EXERCISE OBJECTIVE: Write out every entry again exactly as it stands.

RECORDED DATA:
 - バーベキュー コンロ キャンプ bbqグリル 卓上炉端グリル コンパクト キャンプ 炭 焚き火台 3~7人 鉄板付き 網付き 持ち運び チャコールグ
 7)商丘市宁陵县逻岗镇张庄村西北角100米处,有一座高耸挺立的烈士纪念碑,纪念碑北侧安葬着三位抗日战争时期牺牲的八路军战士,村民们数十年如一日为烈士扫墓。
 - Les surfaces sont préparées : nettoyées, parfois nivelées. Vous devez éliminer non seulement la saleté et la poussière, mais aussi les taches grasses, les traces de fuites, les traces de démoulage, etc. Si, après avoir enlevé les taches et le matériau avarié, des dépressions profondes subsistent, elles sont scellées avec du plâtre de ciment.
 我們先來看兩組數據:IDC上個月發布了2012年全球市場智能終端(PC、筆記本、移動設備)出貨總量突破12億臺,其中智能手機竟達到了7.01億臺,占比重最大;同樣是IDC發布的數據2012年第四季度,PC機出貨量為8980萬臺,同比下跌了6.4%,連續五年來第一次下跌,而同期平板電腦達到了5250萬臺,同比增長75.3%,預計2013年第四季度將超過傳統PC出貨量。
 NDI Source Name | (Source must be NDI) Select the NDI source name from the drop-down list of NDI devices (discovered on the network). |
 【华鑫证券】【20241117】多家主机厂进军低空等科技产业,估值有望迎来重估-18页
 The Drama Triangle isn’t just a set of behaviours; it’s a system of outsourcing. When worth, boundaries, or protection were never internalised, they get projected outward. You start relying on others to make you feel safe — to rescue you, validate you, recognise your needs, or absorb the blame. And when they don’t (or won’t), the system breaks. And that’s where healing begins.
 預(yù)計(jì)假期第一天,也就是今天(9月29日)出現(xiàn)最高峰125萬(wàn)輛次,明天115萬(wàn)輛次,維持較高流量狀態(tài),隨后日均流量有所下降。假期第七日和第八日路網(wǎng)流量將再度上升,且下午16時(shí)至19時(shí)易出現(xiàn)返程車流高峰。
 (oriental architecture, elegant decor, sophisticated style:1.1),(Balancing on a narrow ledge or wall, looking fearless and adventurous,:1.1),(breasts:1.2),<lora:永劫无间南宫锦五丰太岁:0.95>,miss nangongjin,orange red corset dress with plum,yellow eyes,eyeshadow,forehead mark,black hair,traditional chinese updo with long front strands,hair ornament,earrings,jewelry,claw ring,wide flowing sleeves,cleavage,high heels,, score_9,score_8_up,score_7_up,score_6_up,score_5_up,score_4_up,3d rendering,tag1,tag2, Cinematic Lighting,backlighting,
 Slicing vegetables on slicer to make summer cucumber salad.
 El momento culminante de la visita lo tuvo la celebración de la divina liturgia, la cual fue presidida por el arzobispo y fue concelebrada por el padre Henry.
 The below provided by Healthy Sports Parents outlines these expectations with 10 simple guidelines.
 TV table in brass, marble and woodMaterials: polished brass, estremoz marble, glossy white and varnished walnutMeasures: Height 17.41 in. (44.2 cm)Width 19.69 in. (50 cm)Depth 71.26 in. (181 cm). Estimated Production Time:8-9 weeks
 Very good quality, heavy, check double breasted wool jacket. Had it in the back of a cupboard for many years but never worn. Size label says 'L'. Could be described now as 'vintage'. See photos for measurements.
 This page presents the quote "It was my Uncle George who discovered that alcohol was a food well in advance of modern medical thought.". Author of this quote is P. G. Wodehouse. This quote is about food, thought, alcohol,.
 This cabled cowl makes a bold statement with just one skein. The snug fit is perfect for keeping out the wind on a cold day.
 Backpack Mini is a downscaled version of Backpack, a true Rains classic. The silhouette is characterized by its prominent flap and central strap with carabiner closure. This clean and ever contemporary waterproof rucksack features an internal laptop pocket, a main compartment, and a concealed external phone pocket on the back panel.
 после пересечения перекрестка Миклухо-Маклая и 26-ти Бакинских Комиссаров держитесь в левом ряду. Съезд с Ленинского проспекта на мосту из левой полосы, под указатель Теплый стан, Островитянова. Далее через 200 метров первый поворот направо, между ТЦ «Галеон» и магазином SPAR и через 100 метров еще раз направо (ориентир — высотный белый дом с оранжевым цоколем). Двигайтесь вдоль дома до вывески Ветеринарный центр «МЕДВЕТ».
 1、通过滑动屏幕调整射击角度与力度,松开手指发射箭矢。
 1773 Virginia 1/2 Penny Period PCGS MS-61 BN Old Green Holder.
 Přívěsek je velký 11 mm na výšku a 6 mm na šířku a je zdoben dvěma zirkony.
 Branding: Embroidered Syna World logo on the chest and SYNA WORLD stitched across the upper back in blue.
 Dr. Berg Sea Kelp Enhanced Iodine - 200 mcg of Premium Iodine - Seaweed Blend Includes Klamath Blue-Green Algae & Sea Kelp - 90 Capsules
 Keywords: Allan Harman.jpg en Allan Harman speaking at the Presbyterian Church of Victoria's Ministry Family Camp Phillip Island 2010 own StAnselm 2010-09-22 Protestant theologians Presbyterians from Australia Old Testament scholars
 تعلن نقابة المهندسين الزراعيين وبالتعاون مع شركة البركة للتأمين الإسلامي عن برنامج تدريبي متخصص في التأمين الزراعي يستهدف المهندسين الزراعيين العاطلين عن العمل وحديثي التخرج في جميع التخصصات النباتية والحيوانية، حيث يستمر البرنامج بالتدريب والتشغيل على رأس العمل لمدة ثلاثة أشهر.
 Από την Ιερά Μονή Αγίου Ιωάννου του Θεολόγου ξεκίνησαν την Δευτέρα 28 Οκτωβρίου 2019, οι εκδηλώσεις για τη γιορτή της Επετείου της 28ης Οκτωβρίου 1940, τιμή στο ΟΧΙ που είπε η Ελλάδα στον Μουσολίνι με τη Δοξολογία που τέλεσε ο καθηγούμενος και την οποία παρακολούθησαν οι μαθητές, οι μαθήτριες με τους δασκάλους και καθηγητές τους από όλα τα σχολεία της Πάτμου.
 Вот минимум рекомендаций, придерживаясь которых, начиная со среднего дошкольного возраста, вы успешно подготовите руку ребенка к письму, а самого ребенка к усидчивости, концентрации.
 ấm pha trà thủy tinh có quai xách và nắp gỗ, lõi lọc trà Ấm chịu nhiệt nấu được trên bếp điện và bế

PROBLEM SOLUTION:
 - バーベキュー コンロ キャンプ bbqグリル 卓上炉端グリル コンパクト キャンプ 炭 焚き火台 3~7人 鉄板付き 網付き 持ち運び チャコールグ
 7)商丘市宁陵县逻岗镇张庄村西北角100米处,有一座高耸挺立的烈士纪念碑,纪念碑北侧安葬着三位抗日战争时期牺牲的八路军战士,村民们数十年如一日为烈士扫墓。
 - Les surfaces sont préparées : nettoyées, parfois nivelées. Vous devez éliminer non seulement la saleté et la poussière, mais aussi les taches grasses, les traces de fuites, les traces de démoulage, etc. Si, après avoir enlevé les taches et le matériau avarié, des dépressions profondes subsistent, elles sont scellées avec du plâtre de ciment.
 我們先來看兩組數據:IDC上個月發布了2012年全球市場智能終端(PC、筆記本、移動設備)出貨總量突破12億臺,其中智能手機竟達到了7.01億臺,占比重最大;同樣是IDC發布的數據2012年第四季度,PC機出貨量為8980萬臺,同比下跌了6.4%,連續五年來第一次下跌,而同期平板電腦達到了5250萬臺,同比增長75.3%,預計2013年第四季度將超過傳統PC出貨量。
 NDI Source Name | (Source must be NDI) Select the NDI source name from the drop-down list of NDI devices (discovered on the network). |
 【华鑫证券】【20241117】多家主机厂进军低空等科技产业,估值有望迎来重估-18页
 The Drama Triangle isn’t just a set of behaviours; it’s a system of outsourcing. When worth, boundaries, or protection were never internalised, they get projected outward. You start relying on others to make you feel safe — to rescue you, validate you, recognise your needs, or absorb the blame. And when they don’t (or won’t), the system breaks. And that’s where healing begins.
 預(yù)計(jì)假期第一天,也就是今天(9月29日)出現(xiàn)最高峰125萬(wàn)輛次,明天115萬(wàn)輛次,維持較高流量狀態(tài),隨后日均流量有所下降。假期第七日和第八日路網(wǎng)流量將再度上升,且下午16時(shí)至19時(shí)易出現(xiàn)返程車流高峰。
 (oriental architecture, elegant decor, sophisticated style:1.1),(Balancing on a narrow ledge or wall, looking fearless and adventurous,:1.1),(breasts:1.2),<lora:永劫无间南宫锦五丰太岁:0.95>,miss nangongjin,orange red corset dress with plum,yellow eyes,eyeshadow,forehead mark,black hair,traditional chinese updo with long front strands,hair ornament,earrings,jewelry,claw ring,wide flowing sleeves,cleavage,high heels,, score_9,score_8_up,score_7_up,score_6_up,score_5_up,score_4_up,3d rendering,tag1,tag2, Cinematic Lighting,backlighting,
 Slicing vegetables on slicer to make summer cucumber salad.
 El momento culminante de la visita lo tuvo la celebración de la divina liturgia, la cual fue presidida por el arzobispo y fue concelebrada por el padre Henry.
 The below provided by Healthy Sports Parents outlines these expectations with 10 simple guidelines.
 TV table in brass, marble and woodMaterials: polished brass, estremoz marble, glossy white and varnished walnutMeasures: Height 17.41 in. (44.2 cm)Width 19.69 in. (50 cm)Depth 71.26 in. (181 cm). Estimated Production Time:8-9 weeks
 Very good quality, heavy, check double breasted wool jacket. Had it in the back of a cupboard for many years but never worn. Size label says 'L'. Could be described now as 'vintage'. See photos for measurements.
 This page presents the quote "It was my Uncle George who discovered that alcohol was a food well in advance of modern medical thought.". Author of this quote is P. G. Wodehouse. This quote is about food, thought, alcohol,.
 This cabled cowl makes a bold statement with just one skein. The snug fit is perfect for keeping out the wind on a cold day.
 Backpack Mini is a downscaled version of Backpack, a true Rains classic. The silhouette is characterized by its prominent flap and central strap with carabiner closure. This clean and ever contemporary waterproof rucksack features an internal laptop pocket, a main compartment, and a concealed external phone pocket on the back panel.
 после пересечения перекрестка Миклухо-Маклая и 26-ти Бакинских Комиссаров держитесь в левом ряду. Съезд с Ленинского проспекта на мосту из левой полосы, под указатель Теплый стан, Островитянова. Далее через 200 метров первый поворот направо, между ТЦ «Галеон» и магазином SPAR и через 100 метров еще раз направо (ориентир — высотный белый дом с оранжевым цоколем). Двигайтесь вдоль дома до вывески Ветеринарный центр «МЕДВЕТ».
 1、通过滑动屏幕调整射击角度与力度,松开手指发射箭矢。
 1773 Virginia 1/2 Penny Period PCGS MS-61 BN Old Green Holder.
 Přívěsek je velký 11 mm na výšku a 6 mm na šířku a je zdoben dvěma zirkony.
 Branding: Embroidered Syna World logo on the chest and SYNA WORLD stitched across the upper back in blue.
 Dr. Berg Sea Kelp Enhanced Iodine - 200 mcg of Premium Iodine - Seaweed Blend Includes Klamath Blue-Green Algae & Sea Kelp - 90 Capsules
 Keywords: Allan Harman.jpg en Allan Harman speaking at the Presbyterian Church of Victoria's Ministry Family Camp Phillip Island 2010 own StAnselm 2010-09-22 Protestant theologians Presbyterians from Australia Old Testament scholars
 تعلن نقابة المهندسين الزراعيين وبالتعاون مع شركة البركة للتأمين الإسلامي عن برنامج تدريبي متخصص في التأمين الزراعي يستهدف المهندسين الزراعيين العاطلين عن العمل وحديثي التخرج في جميع التخصصات النباتية والحيوانية، حيث يستمر البرنامج بالتدريب والتشغيل على رأس العمل لمدة ثلاثة أشهر.
 Από την Ιερά Μονή Αγίου Ιωάννου του Θεολόγου ξεκίνησαν την Δευτέρα 28 Οκτωβρίου 2019, οι εκδηλώσεις για τη γιορτή της Επετείου της 28ης Οκτωβρίου 1940, τιμή στο ΟΧΙ που είπε η Ελλάδα στον Μουσολίνι με τη Δοξολογία που τέλεσε ο καθηγούμενος και την οποία παρακολούθησαν οι μαθητές, οι μαθήτριες με τους δασκάλους και καθηγητές τους από όλα τα σχολεία της Πάτμου.
 Вот минимум рекомендаций, придерживаясь которых, начиная со среднего дошкольного возраста, вы успешно подготовите руку ребенка к письму, а самого ребенка к усидчивости, концентрации.
 ấm pha trà thủy tinh có quai xách và nắp gỗ, lõi lọc trà Ấm chịu nhiệt nấu được trên bếp điện và bế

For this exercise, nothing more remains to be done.